Ein Serum als Grund für "Nationalstolz"

Ungarn verdient am Impfstoff-Export mit.

Die andernorts heftig geführten Diskussionen sind an den Ungarn fast spurlos vorübergegangen: Für sie ist A/H1N1/09, die „Schweinegrippe“, Vergangenheit. 57 Todesopfer hat die Pandemie in unserem östlichen Nachbarland gefordert. Aber die Zahl könnte viel höher sein, hätte der Staat nicht mit Nachdruck eine Impfkampagne geführt. Die „Durchimpfung“ der Bevölkerung beträgt rund 30 Prozent. Das heißt, dass etwa drei der zehn Millionen Magyaren immunisiert sind.

Zu verdanken haben sie das dem 1995 in Budaörs im Westen von Budapest gegründeten Unternehmen Omninvest, das sich auf den Kampf gegen Grippen aller Art spezialisiert hat. Es produziert einen von nur acht A/H1N1/09-Impfstoffen, die in der EU lizenziert wurden. Und davon profitiert Ungarn nicht nur gesundheitlich. Es hat auch „Grund für Nationalstolz“. Die Pharmafirma hat nämlich nach vier Millionen Portionen Impfstoff, die der Staat bestellt hatte, weitere zwei Millionen Dosen produziert. Und diese auf dem Weltmarkt angeboten.


Exporterlös für den Staat. Soeben hat Omninvest dem „Nationalen Forschungs- und Technologieamt“ NKTH 110 Millionen Forint (etwas mehr als 400.000 Euro) überwiesen. Damit erfüllte man einen Vertrag aus dem Jahr 2006: Omninvest bekam eine Förderung von zwei Milliarden Forint zur Erforschung der „Influenza A“ (zu der die Vogelgrippe ebenso gehörte wie die jetzige Schweinegrippe) und verpflichtete sich, zehn Prozent der daraus resultierenden Einnahmen an den Staat abzuführen.

Die 110 Mio. Forint sind zehn Prozent der Einnahmen für 385.000 Dosen Impfstoff, die im Dezember verkauft worden sind. Das bedeutet, dass pro Dosis durchschnittlich 10,60 Euro kassiert wurden. Der ungarische Staat zahlte nur vier Euro.

Und das war noch zu viel. Eine Diskussion entbrannte ob der Frage, ob der Preis nicht überhöht sei. Der Verband der Arzneimittel-Großhändler hatte behauptet, seine Mitglieder könnten den Impfstoff deutlich billiger ausliefern.
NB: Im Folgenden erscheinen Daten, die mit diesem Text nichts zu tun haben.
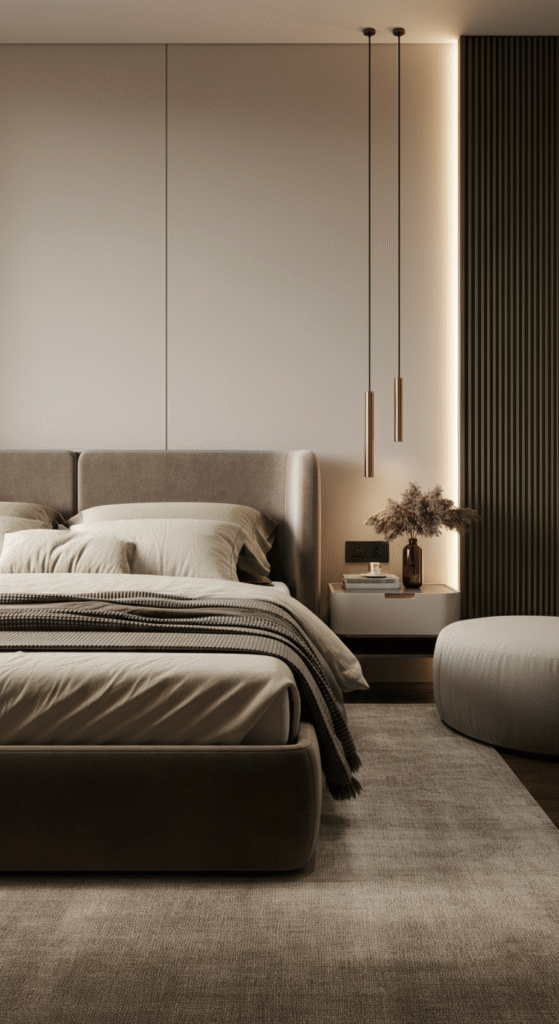 Pair the bed with slim metal bedside tables or floating nightstands. Keep the color palette soft. Beige. Cloud grey. Misty brown. A matching bench at the foot of the bed enhances that hotel comfort vibe.

Das staatliche „Institut zur Vorratsbewirtschaftung im Gesundheitswesen“ verrechnete als Zusatzkosten für die Auslieferung 450 Forint bei einem Erzeugerpreis von 1050 Forint – der Großhändler Hungaropharma, von Verbandspräsident Ferenc Szabó geleitet, hätte netto 84 Forint verlangt.
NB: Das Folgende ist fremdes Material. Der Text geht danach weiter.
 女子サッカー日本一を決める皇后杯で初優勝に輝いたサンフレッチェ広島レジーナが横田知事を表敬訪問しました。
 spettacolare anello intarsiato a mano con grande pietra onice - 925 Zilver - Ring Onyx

Ex-Agenten als Eigentümer? Eine andere Ungereimtheit war Gegenstand heftiger Debatten im Parlamentsausschuss für nationale Sicherheit: die Eigentümerstruktur von Omninvest. Zwei Prozent gehören einem ungarischen Staatsbürger, doch den Rest hält das Offshore-Unternehmen Sumpter Ltd. im zypriotischen Larnaka. Die Opposition wollte, dass der Geheimdienst NBH Licht in die Affäre bringt, musste sich aber mit Zeitungsartikeln bescheiden. Demnach könnten hinter Sumpter zwei pensionierte Agenten der einstigen KP-Staatssicherheit stehen. Einer, Zoltán Kaizinger, hatte laut der Wochenzeitung „Heti Válasz“ in der 1991 von ihm gegründeten Detektei Securintell einen Partner namens Ferenc Zimonyi. So heißt auch der Geschäftsführer von Omninvest.